The lack of an essential element to constitute the offense of forgery is considered a defense in a prosecution alleging the commission of forgery.  The fact that the defendant had in good faith believed s/he had authority to make the instrument constitutes a good defense in a prosecution of forgery.  If a person whose name is forged is the victim of the crime, evidence that the purported victim has actually extended permission to the forger will be a legitimate defense to a criminal prosecution[i].  However, an assertion that the defendant had the authority to make or sign the document is not a defense where the defendant in fact did not have the authority, and other circumstances indicate that the defendant knew s/he did not have such authority.

Guilty knowledge is an essential element that constitutes the offense of forgery.  Intoxication may be shown as affecting the existence of intent, premeditation, or deliberation in the commission of crime.  Even though drunkenness is not an excuse for a crime, however, in that class of crimes and offenses which depend upon guilty knowledge or the coolness and deliberation with which they are perpetrated, to constitute their commission or fix their degree of guilt, drunkenness can be considered for the purpose of negating such guilty knowledge[ii].

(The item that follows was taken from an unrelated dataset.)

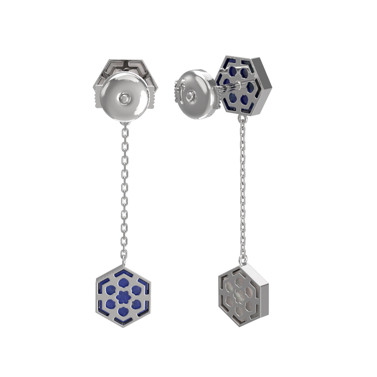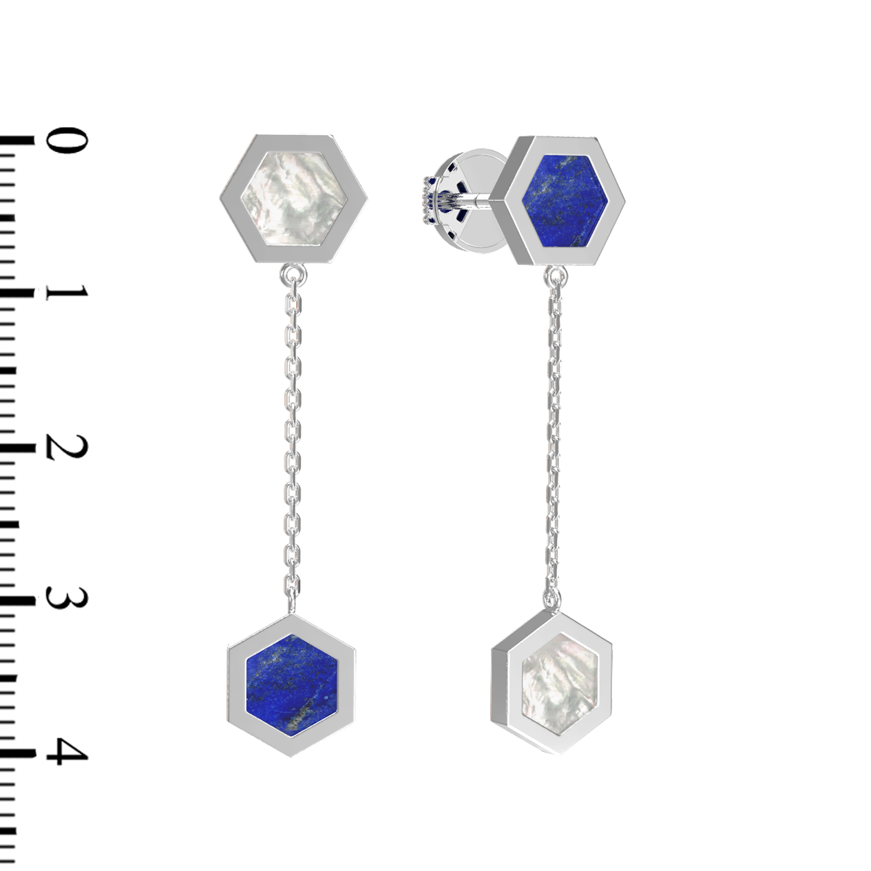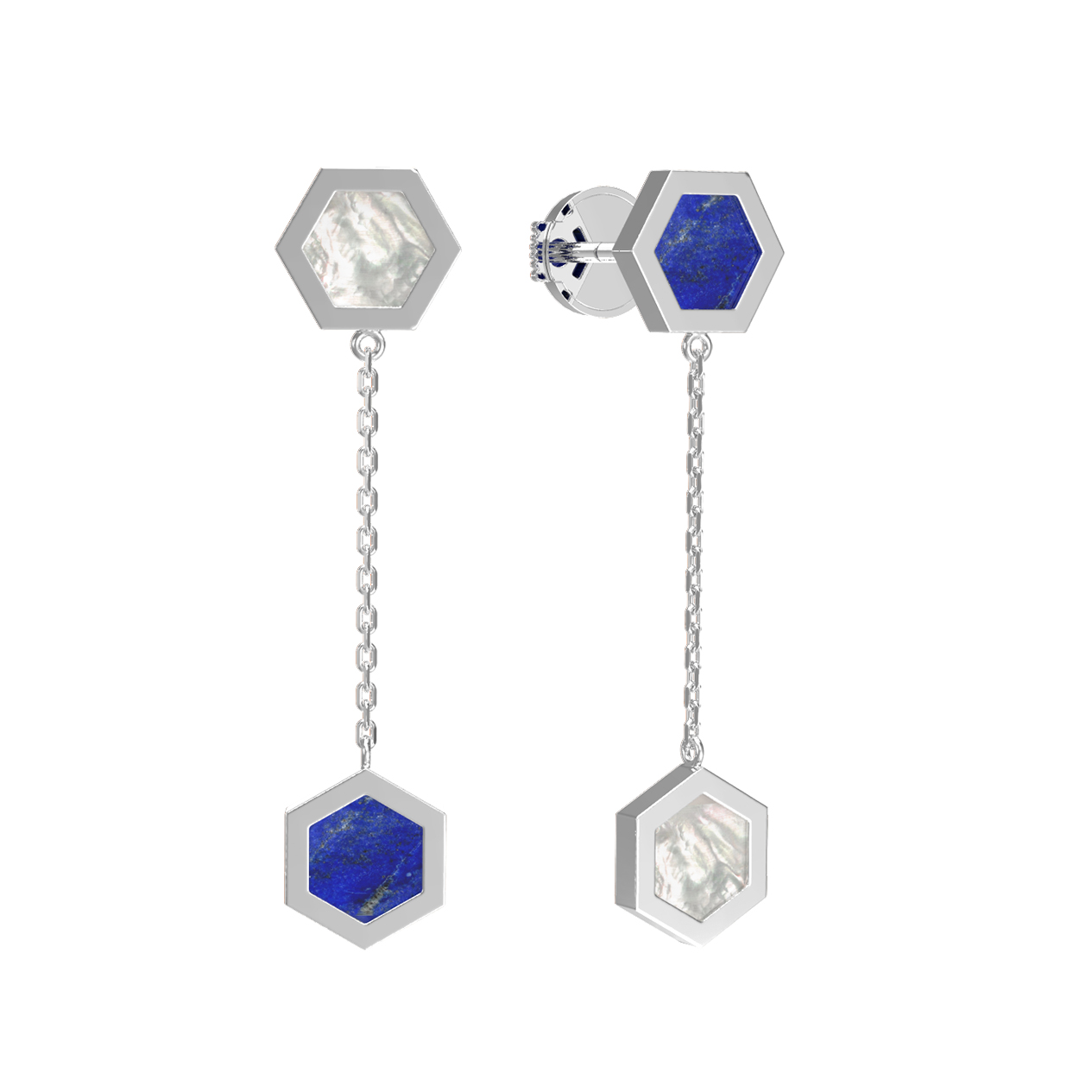 Центральными элементами композиции выступают две вставки: благородный синий лазурит и нежный переливающийся перламутр. Контрастное сочетание этих натуральных материалов создает глубокий визуальный эффект, подчеркивающий холодный блеск белого металла. Аккуратная цепочка, соединяющая геометрические элементы, добавляет серьгам динамики и подвижности, заставляя свет красиво играть на гранях.

If the defendant submits res judicata as a defense, the defendant shall show that the elements of the crime for which the defendant was previously acquitted and the elements of the crime for which the defendant is charged are the same.  The defendant cannot plead res judicata if the offenses charged are entirely different in a point of law, although the offenses are connected with the crime for which s/he was previously acquitted.

As to several acts of forgery, each act constitutes a separate crime, even though they are committed in the course of a continuous transaction, on the same date.  Also, in the case of a crime committed on the same piece of paper, each act comprises of a separate crime unless each act constitutes merely one of a series related to an indivisible instrument.  Forging the names of several persons to one instrument constitutes a single crime.  Likewise, uttering is also considered a single crime in spite of the number of instruments involved.

[i] Mississippi Gaming Comm’n v. Baker, 755 So. 2d 1129 (Miss. Ct. App. 1999).

[ii] State v. Toohey, 1978 Ohio App. LEXIS 9643 (Ohio Ct. App., Belmont County July 7, 1978) .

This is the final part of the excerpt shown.